Since then, the pioneering study in producing biodegradable films from fruit biomass has been recognized for two consecutive years by the Answers for Tomorrow Award, awarded by the Center for Studies and Research in Education, Culture and Community Action (CENPEC).
The guiding professor Robson Almeida explains the step by step to transform green bananas into agroecological packaging.
"We follow the following steps: green bananas are used because of the high starch content. This banana is cooked, then crushed, until it forms a biomass. The biomass is spread on a smooth, flat surface and set to dehydrate in the sun. After the dehydrated film, remove it, put it back in a container with water to rehydrate. After rehydration the film gets the characteristic choreography and malleable, then choose a mold with the shape you want to have and put this film on top of the mold and put to dry again. In the drying process this water evaporates and turns into a rich and resistant film, so just remove the mold that is ready to pack."

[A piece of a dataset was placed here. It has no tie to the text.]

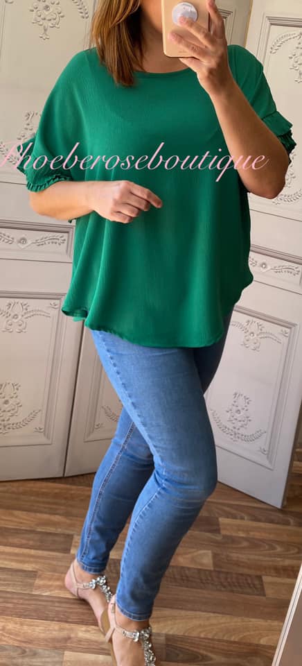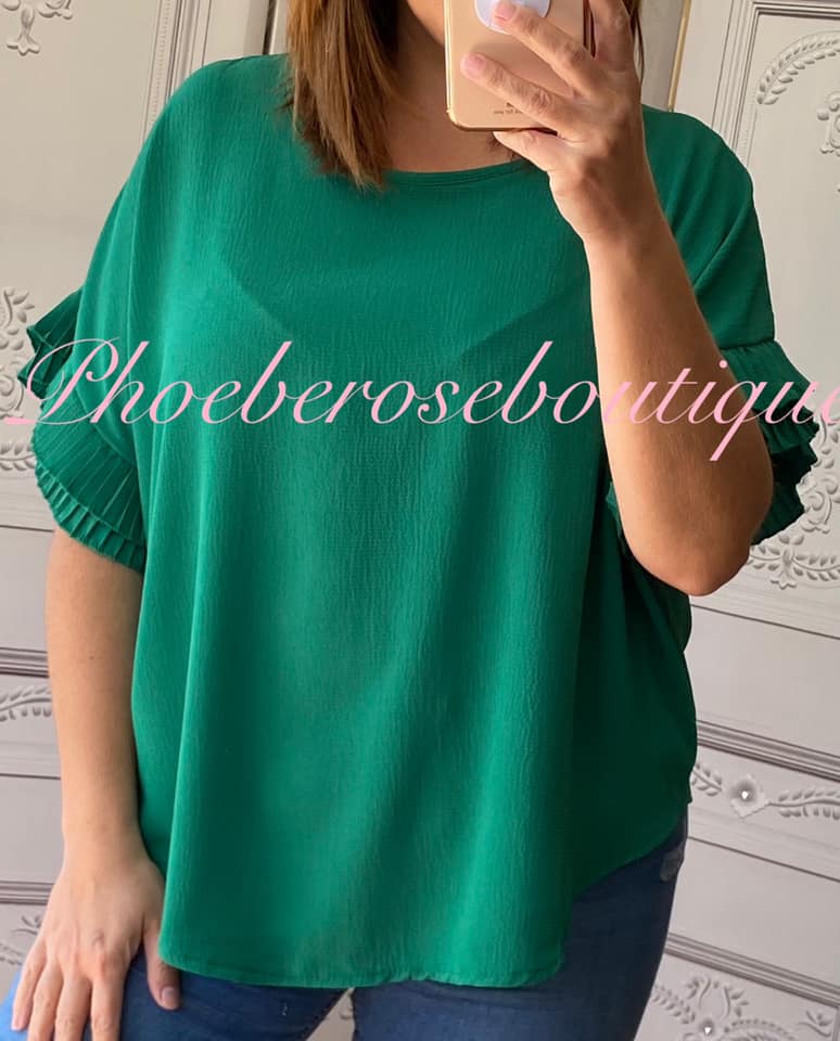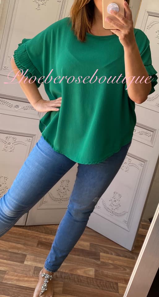 Be the first to review “Pleated Frill Crepe Feel Top – Designer Green”

Once ready, the packages made from the green banana have the ability to disintegrate fully into nature around twenty to thirty days. In addition to avoiding fruit waste and serving as organic fertilizer again for the soil, sustainable packaging created by students is an alternative to reduce the use and disposal of conventional plastic.
For those who want to put agroecological concepts into practice in classroom projects, Professor Robson Almeida gives a fundamental advice: taking into account the reality and environment that students live makes all the difference. "Most of these students are the children of a small producer or a rural worker. So it's easier for us to work with something that's tied to the reality of these boys."
Applied throughout the school year, the project continues in the experimental phase. In the next steps, new tests are planned so that packaging will soon be marketed.